◆ RAW DATA

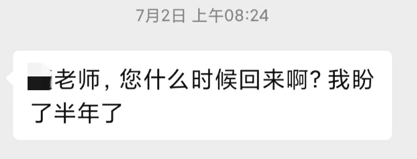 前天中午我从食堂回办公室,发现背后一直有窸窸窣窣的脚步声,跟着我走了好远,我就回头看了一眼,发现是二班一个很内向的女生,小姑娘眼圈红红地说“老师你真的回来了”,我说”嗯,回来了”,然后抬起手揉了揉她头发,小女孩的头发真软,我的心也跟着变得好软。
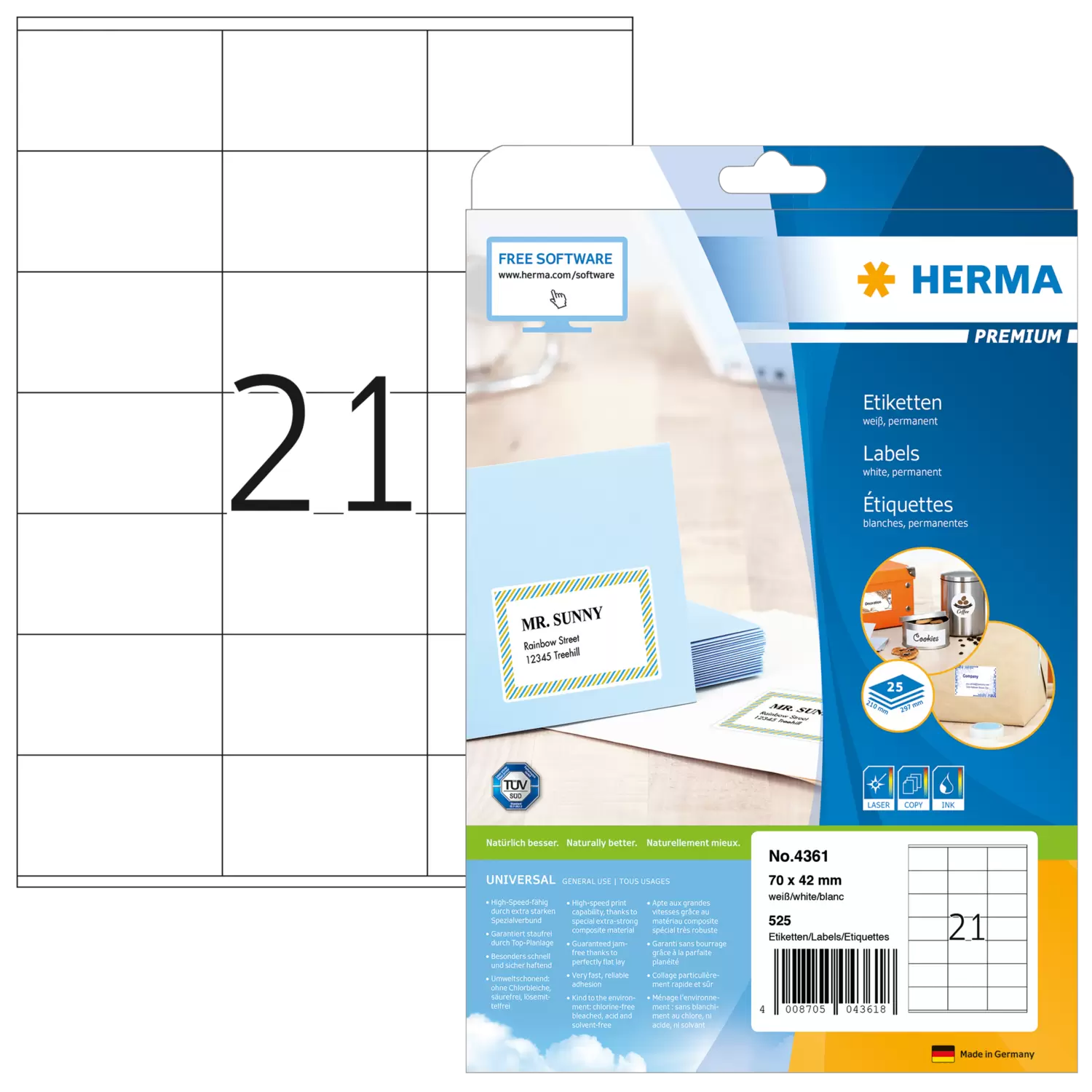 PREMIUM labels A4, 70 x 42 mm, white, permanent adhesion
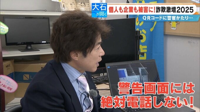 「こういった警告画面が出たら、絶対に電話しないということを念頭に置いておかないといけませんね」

◆ TASK
All pictures should be dropped; the lines from the one containing "PREMIUM labels A4, 70" through the last line of the material are to be set down exactly.

◆ EXERCISE ANSWER
 PREMIUM labels A4, 70 x 42 mm, white, permanent adhesion
 「こういった警告画面が出たら、絶対に電話しないということを念頭に置いておかないといけませんね」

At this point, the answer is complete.